Metro Weekly

First openly gay Olympic athlete Adam Rippon won’t go to the White House if he’s invited

Rippon said he wants to “speak out” against injustice and that the way Trump speaks is "inappropriate"

Photo: Adam Rippon / Instagram

U.S. figure skater Adam Rippon said that he would not accept an invitation to the White House because he won’t “be welcome there.”

“I won’t go [to the White House] because I don’t think somebody like me will be welcome,” Rippon told the BBC in an interview on Thursday. “I know what it’s like to go into a room and feel like you’re not wanted there.”

The first openly gay athlete to qualify for the Winter Olympic team, Rippon, 28, said that he wants to “speak out” against injustice and feels he has been given a “special platform” to stand up to the Trump administration.

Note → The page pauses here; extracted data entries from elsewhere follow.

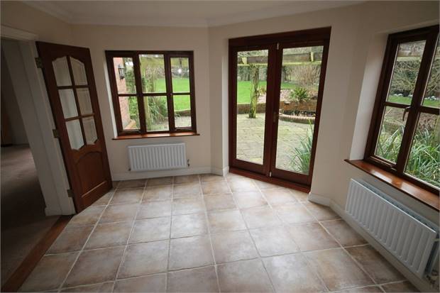 - 10'10" by 10'7" (3m 30cm x 3m 23cm). With tiled flooring, surrounding windows and double doors on to the patio. Opening through to the kitchen.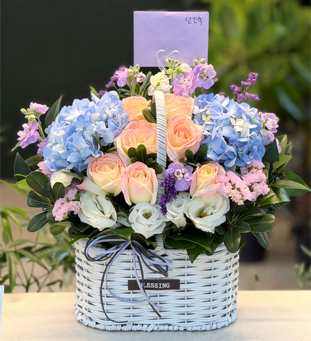 수국 장미 바구니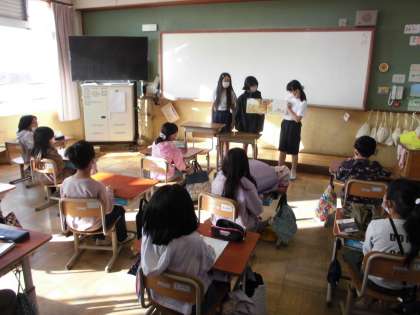 美豆小学校では、11月を読書月間としています。その取組の1つとして、8日(火)に図書委員会の人が低学年に読み聞かせに行きました。5年生も委員会として初めての仕事です。15日(火)には高学年にも読み聞かせに行きます。18日(金)には児童朝会での発表も予定しています。みんなが読書に親しむきっかけを作ろうと頑張ってくれています。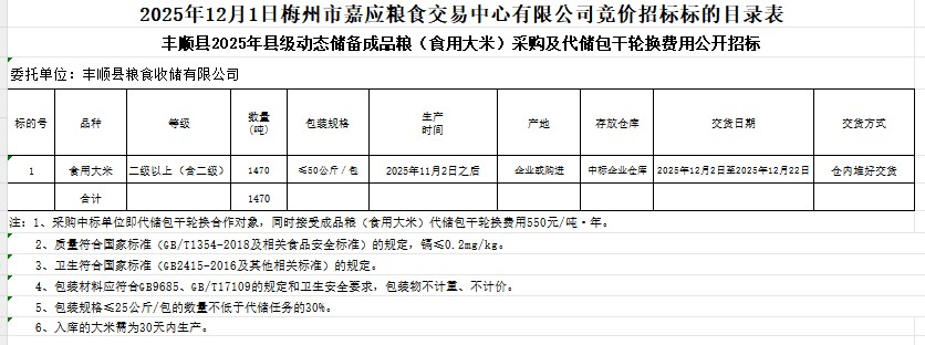 豐順縣2025年縣級動態(tài)儲備成品糧(食用大米)采購及代儲包干輪換費用公開招標(biāo)公告
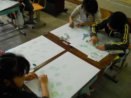 子どもたちは楽しみながら背景づくりを楽しんでいました。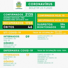 Campo Mourão teve mais 10 casos confirmados de covid-19 nesta segunda-feira. Os recuperados foram 17. Assim, o número de mourãoenses com o vírus ativo ficou em 356. Os casos suspeitos saltaram de 334 para 394. O boletim mostra, pela primeira vez, toda a ala covid lotada: 100% de ocupação na UTI e 110% na enfermaria.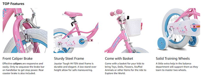 JOYSTAR Fairy girls bicycle is a perfectly comfortable bike, suitable for your little one to use around your backyard, or your patio while you water your plants. This children’s bicycle is designed with an easy stand over frame that has proven to be a comfortable fit for many young riders around the world.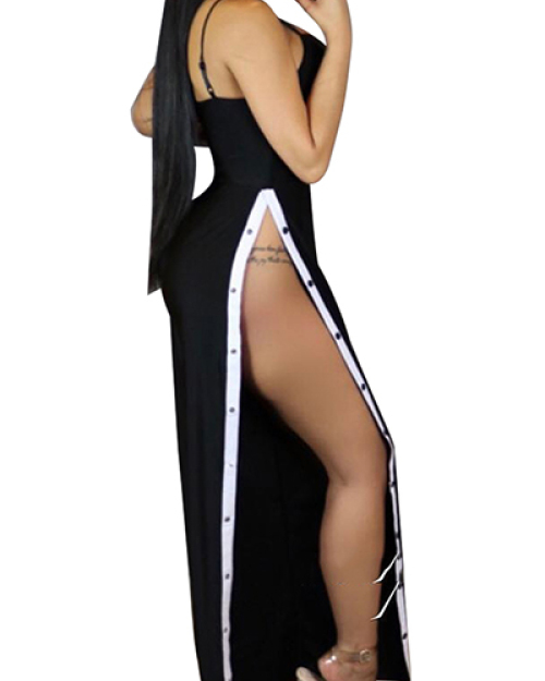 Sexy High Split Black Twilled One-piece Jumpsuits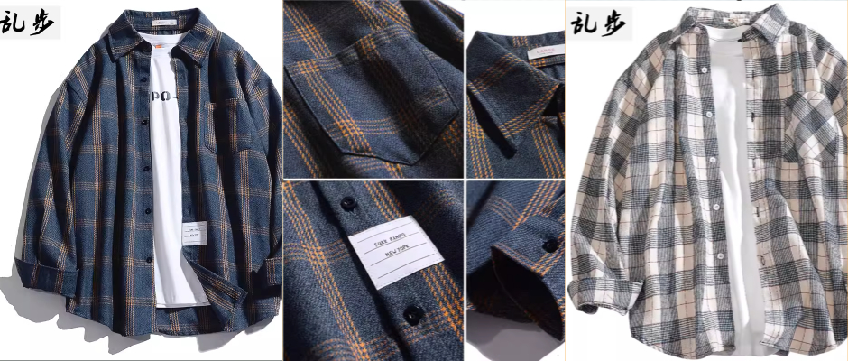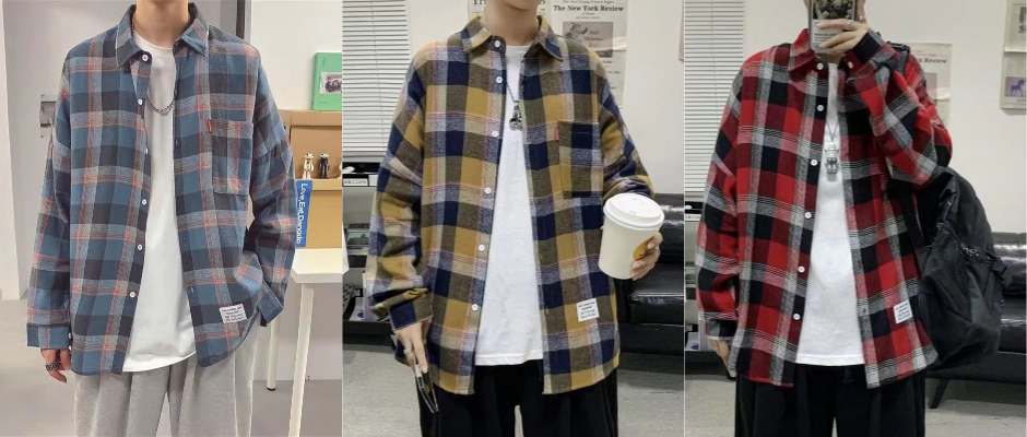 春秋季潮流格子衬衫男痞帅纯棉上衣宽松韩版长袖大码外套男士衬衣 蓝粉方格 M

“It’s our duty as athletes to be role models,” he said. “It’s really important we stand up for what we believe in and speak out against things we think are wrong.”

Rippon also said that the way Trump speaks is “inappropriate,” adding, “if I talked to people the way that President Trump talks to people, my mom would kick my ass.”

Despite Trump saying that he was a “friend” to the LGBTQ community during the 2016 election campaign, he has come under fire for several anti-LGBTQ decisions in the past year, including trying to ban transgender people from joining the military, a decision that was halted in federal court.

The same day that Rippon said he would not attend a White House event, Trump came under fire for reportedly saying that immigrants from African and Central American nations came from “shithole countries,” prompting a scathing response from gay Congressman Mark Pocan.

Rippon is not alone in speaking out against Trump at the Olympics. Skier Lindsey Vonn told CNN in December that she would turn down an invitation as well, saying she represents “the people of the United States, not the president.”